- [Records shown]:
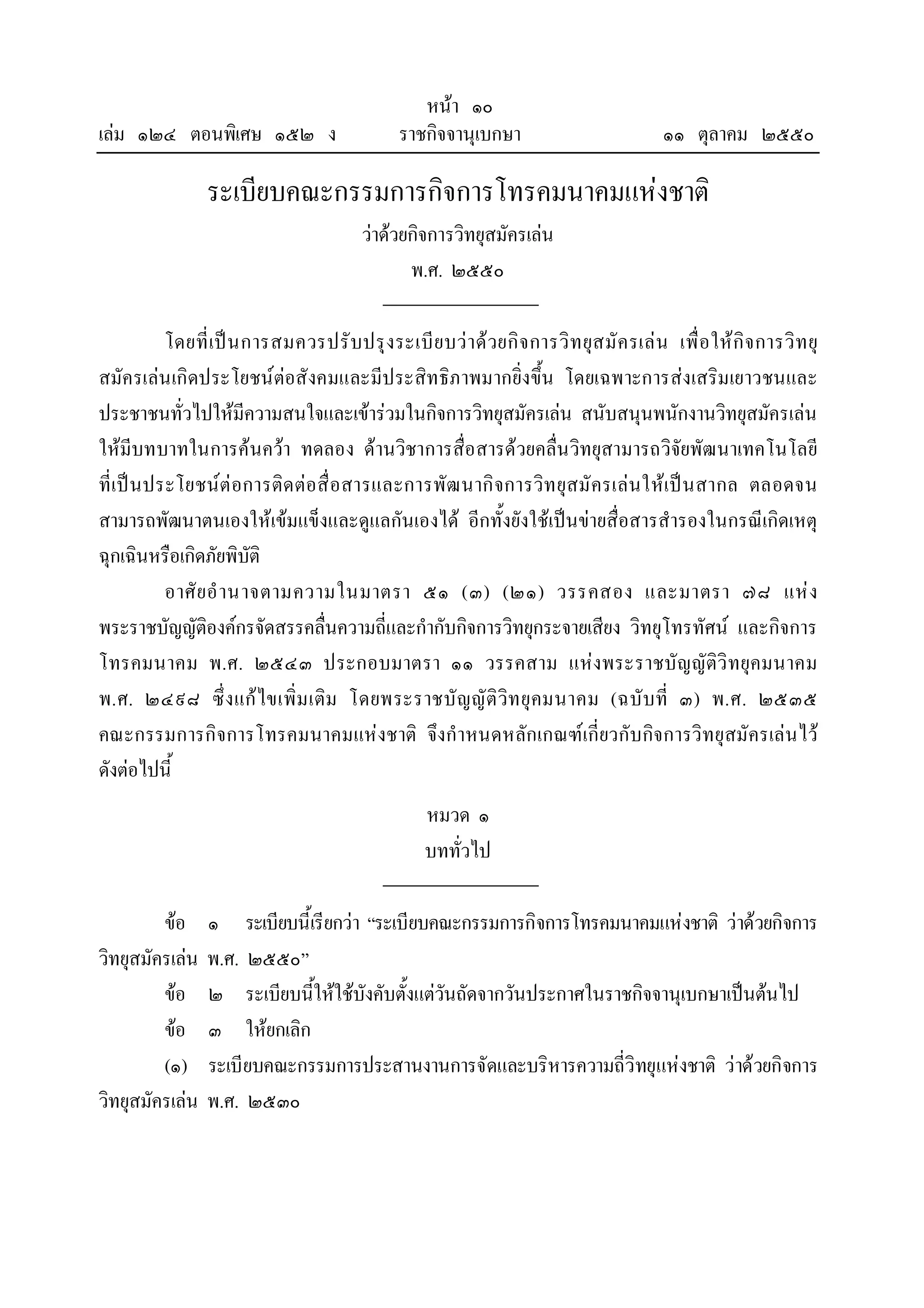 ตอนพิเศษ ๑๕๒ ง ราชกิจจานุเบกษา ๑๑ ตุลาคม ๒๕๕๐ ระเบียบคณะกรรมการกิจการโทรคมนาคมแหงชาติ วาดวยกิจการวิทยุสมัครเลน พ.ศ. ๒๕๕๐ โดยที่ เป น การสมควรปรั บปรุ ง ระเบี ย บว า ด วยกิ จ การวิ ท ยุส มั ค รเล น เพื่ อ ให กิ จ การวิ ท ยุ สมัครเลน เกิดประโยชนตอสังคมและมีประสิทธิภาพมากยิ่งขึ้น โดยเฉพาะการสงเสริมเยาวชนและ ประชาชนทั่วไปใหมความสนใจและเขารวมในกิจการวิทยุสมัครเลน สนับสนุนพนักงานวิทยุสมัครเลน ี ใหมีบทบาทในการคนควา ทดลอง ดานวิชาการสื่อสารดวยคลื่น วิทยุสามารถวิจัยพัฒนาเทคโนโลยี ที่เป น ประโยชนต อการติด ตอสื่ อสารและการพัฒ นากิ จการวิท ยุสมั ครเลน ใหเป น สากล ตลอดจน สามารถพัฒนาตนเองใหเขมแข็งและดูแลกันเองได อีกทั้งยังใชเปนขายสื่อสารสํารองในกรณีเกิดเหตุ ฉุกเฉินหรือเกิดภัยพิบัติ อาศั ย อํ า นาจตามความในมาตรา ๕๑ (๓) (๒๑) วรรคสอง และมาตรา ๗๘ แห ง พระราชบัญญัติองคกรจัดสรรคลื่นความถี่และกํากับกิจการวิทยุกระจายเสียง วิทยุโทรทัศน และกิจการ โทรคมนาคม พ.ศ. ๒๕๔๓ ประกอบมาตรา ๑๑ วรรคสาม แหงพระราชบัญญัติวิ ทยุคมนาคม พ.ศ. ๒๔๙๘ ซึ่ ง แก ไขเพิ่ม เติม โดยพระราชบั ญญั ติ วิท ยุ คมนาคม (ฉบั บที่ ๓) พ.ศ. ๒๕๓๕ คณะกรรมการกิจการโทรคมนาคมแหงชาติ จึงกําหนดหลักเกณฑเกี่ยวกับกิจการวิทยุสมัครเลน ไว ดังตอไปนี้ หมวด ๑ บททั่วไป ขอ ๑ ระเบียบนี้เรียกวา “ระเบียบคณะกรรมการกิจการโทรคมนาคมแหงชาติ วาดวยกิจการ วิทยุสมัครเลน พ.ศ. ๒๕๕๐” ขอ ๒ ระเบียบนี้ใหใชบังคับตั้งแตวันถัดจากวันประกาศในราชกิจจานุเบกษาเปนตนไป ขอ ๓ ใหยกเลิก (๑) ระเบียบคณะกรรมการประสานงานการจัดและบริหารความถี่วิทยุแหงชาติ วาดวยกิจการ วิทยุสมัครเลน พ.ศ. ๒๕๓๐
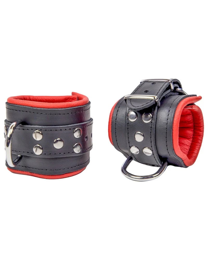 Acheter Les Menottes Rembourrées en cuir pour les poignets Noir-Rouge sur La Boutique du Hard
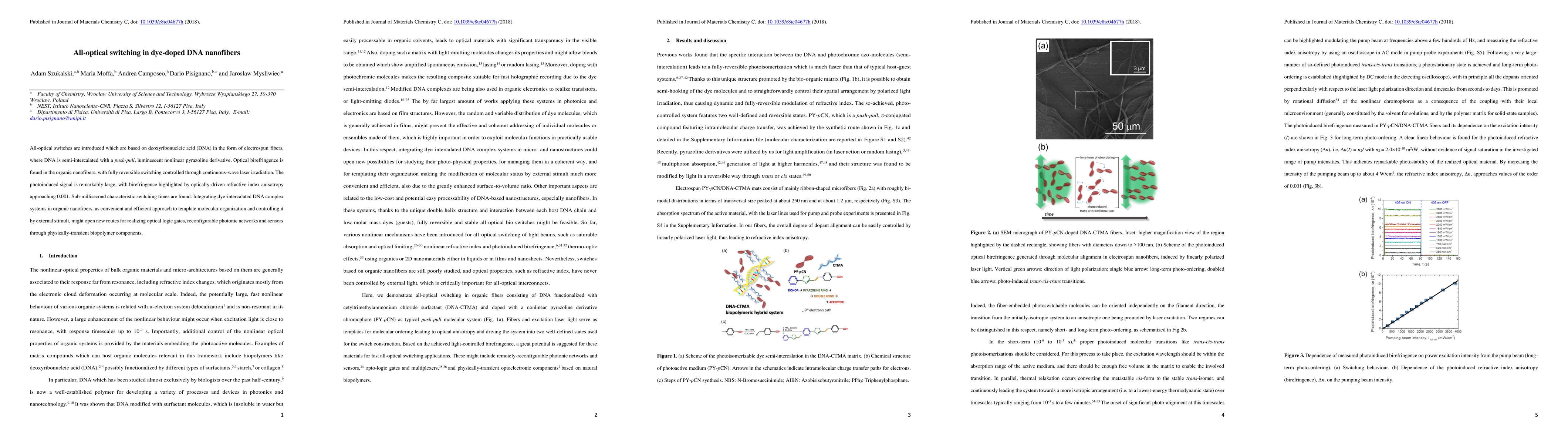 This paper introduces all-optical switches based on dye-doped DNA nanofibers with reversible switching controlled by continuous-wave laser irradiation, demonstrating large photoinduced birefringence and sub-millisecond switching times, potentially enabling optical logic gates and sensors.
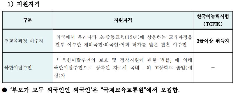 재외국민 및 외국인 전형으로 지원이 가능한 학생은 영주교포(영주권소유) 자녀, 국외근무자(공무원, 상사직원, 외국정부 또는 국제기구 근무자)의 자녀, 유치과학자 및 교수요원의 자녀, 기타재외국민의 자녀여야 하며,
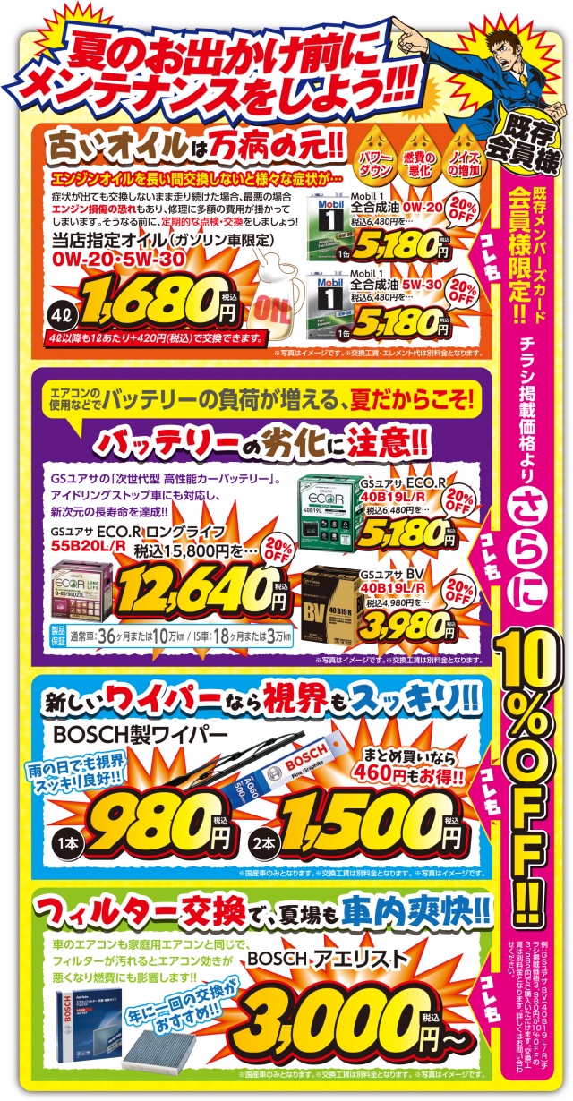 今回の夏の全力セ~ルは『愛車のメンテナンス。』に力入ってます。

- [Requirement]: Produce a verbatim copy of all records, minus pictures.

- [Result of this task]:
 ตอนพิเศษ ๑๕๒ ง ราชกิจจานุเบกษา ๑๑ ตุลาคม ๒๕๕๐ ระเบียบคณะกรรมการกิจการโทรคมนาคมแหงชาติ วาดวยกิจการวิทยุสมัครเลน พ.ศ. ๒๕๕๐ โดยที่ เป น การสมควรปรั บปรุ ง ระเบี ย บว า ด วยกิ จ การวิ ท ยุส มั ค รเล น เพื่ อ ให กิ จ การวิ ท ยุ สมัครเลน เกิดประโยชนตอสังคมและมีประสิทธิภาพมากยิ่งขึ้น โดยเฉพาะการสงเสริมเยาวชนและ ประชาชนทั่วไปใหมความสนใจและเขารวมในกิจการวิทยุสมัครเลน สนับสนุนพนักงานวิทยุสมัครเลน ี ใหมีบทบาทในการคนควา ทดลอง ดานวิชาการสื่อสารดวยคลื่น วิทยุสามารถวิจัยพัฒนาเทคโนโลยี ที่เป น ประโยชนต อการติด ตอสื่ อสารและการพัฒ นากิ จการวิท ยุสมั ครเลน ใหเป น สากล ตลอดจน สามารถพัฒนาตนเองใหเขมแข็งและดูแลกันเองได อีกทั้งยังใชเปนขายสื่อสารสํารองในกรณีเกิดเหตุ ฉุกเฉินหรือเกิดภัยพิบัติ อาศั ย อํ า นาจตามความในมาตรา ๕๑ (๓) (๒๑) วรรคสอง และมาตรา ๗๘ แห ง พระราชบัญญัติองคกรจัดสรรคลื่นความถี่และกํากับกิจการวิทยุกระจายเสียง วิทยุโทรทัศน และกิจการ โทรคมนาคม พ.ศ. ๒๕๔๓ ประกอบมาตรา ๑๑ วรรคสาม แหงพระราชบัญญัติวิ ทยุคมนาคม พ.ศ. ๒๔๙๘ ซึ่ ง แก ไขเพิ่ม เติม โดยพระราชบั ญญั ติ วิท ยุ คมนาคม (ฉบั บที่ ๓) พ.ศ. ๒๕๓๕ คณะกรรมการกิจการโทรคมนาคมแหงชาติ จึงกําหนดหลักเกณฑเกี่ยวกับกิจการวิทยุสมัครเลน ไว ดังตอไปนี้ หมวด ๑ บททั่วไป ขอ ๑ ระเบียบนี้เรียกวา “ระเบียบคณะกรรมการกิจการโทรคมนาคมแหงชาติ วาดวยกิจการ วิทยุสมัครเลน พ.ศ. ๒๕๕๐” ขอ ๒ ระเบียบนี้ใหใชบังคับตั้งแตวันถัดจากวันประกาศในราชกิจจานุเบกษาเปนตนไป ขอ ๓ ใหยกเลิก (๑) ระเบียบคณะกรรมการประสานงานการจัดและบริหารความถี่วิทยุแหงชาติ วาดวยกิจการ วิทยุสมัครเลน พ.ศ. ๒๕๓๐
 Acheter Les Menottes Rembourrées en cuir pour les poignets Noir-Rouge sur La Boutique du Hard
 This paper introduces all-optical switches based on dye-doped DNA nanofibers with reversible switching controlled by continuous-wave laser irradiation, demonstrating large photoinduced birefringence and sub-millisecond switching times, potentially enabling optical logic gates and sensors.
 재외국민 및 외국인 전형으로 지원이 가능한 학생은 영주교포(영주권소유) 자녀, 국외근무자(공무원, 상사직원, 외국정부 또는 국제기구 근무자)의 자녀, 유치과학자 및 교수요원의 자녀, 기타재외국민의 자녀여야 하며,
 今回の夏の全力セ~ルは『愛車のメンテナンス。』に力入ってます。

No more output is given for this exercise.